April 10, 2018

Early-Season Stillwater Success. Ice-Off is Only Weeks Away in the Interior of B.C. Are You Ready?

It is now the beginning of April, and I am finally starting to see ice-free, open water along the shorelines of some of the lower-elevation lakes around Kamloops. Good fishing will happen over the next few weeks.

Once the ice is off a lake, activity begins in the shallows. These areas warm up the earliest, stirring aquatic insect activity and attracting hungry trout. Slow-moving leeches are some of a trout’s first food sources. Leeches may range from one to six centimetres in length, and come in a variety of different shades and colours. With a lower metabolic rate from the still-cold water, trout will usually not be actively pursuing faster-moving prey. My go-to set-up is either a balanced leech pattern under a strike indicator, or a leech imitation slowly stripped in on a sinking line.

Within usually the first week of ice-off, small, eutrophic (nutrient-rich) lakes undergo a process called “turnover.” As the surface waters warm, they reach their highest density at four degrees Celsius – and sink. This sudden sinking of dense water to the bottom causes the stratified lake water to stir up. The lake becomes very turbid, and in some cases unfishable, with lots of organic matter suspended throughout the depths. But turnover re-distributes oxygen within the water column, and is necessary for the lake to continue to function properly. Some of these kinds of lakes will turn over once in the spring and again in the fall, but most only experience a spring turnover. Other low-nutrient (or oligotrophic) lakes undergo no turnover at all.

Typically, lakes will finish turning over in about a week, unless heavy winds or bad weather prolong the process by keeping a lake’s waters stirred-up and murky. Leech patterns (and dumb luck) are often what I turn to during turnover.

Once lakes have stabilized and cleared, the fishing will get better and better as the water temperature rises. Fishes’ metabolisms will increase, and they must feed heavily to match it. Fish will follow the increasing levels of insect activity, starting in the shallows and moving deeper as the season progresses.

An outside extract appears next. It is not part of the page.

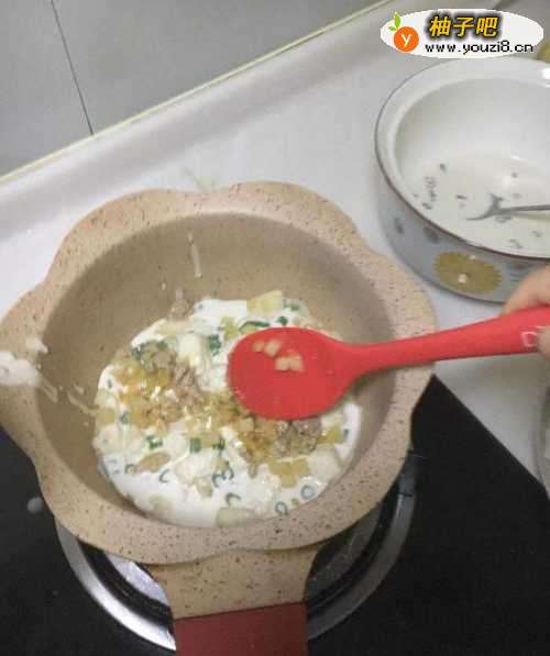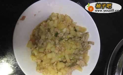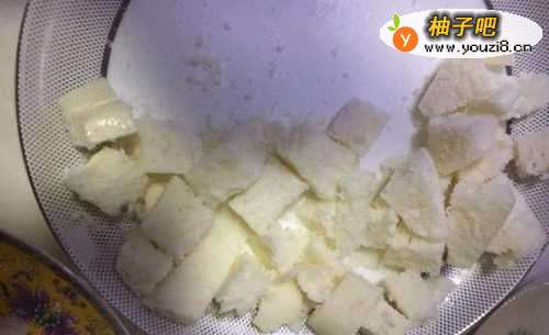 6然后在锅里倒油,锅热后就把馒头倒进翻炒几下,就可以倒调制好的面粉了。

Chironomid fishing really begins to pick up a few weeks after ice-off. You will typically be imitating the pupal form of these non-biting midges as they move up the water column to become flying adults. Most anglers fish chironomid patterns statically under a strike indicator, and ensure their fly is within 30 to 60 centimetres (a foot or two) of the bottom. When the lake surface is calm, try to observe where adult chironomids are emerging: that’s where the main hatches are occurring. Since, in some cases, chironomids will only hatch in a very small area, it’s crucial to present your fly where they are emerging and fish will be feeding the heaviest.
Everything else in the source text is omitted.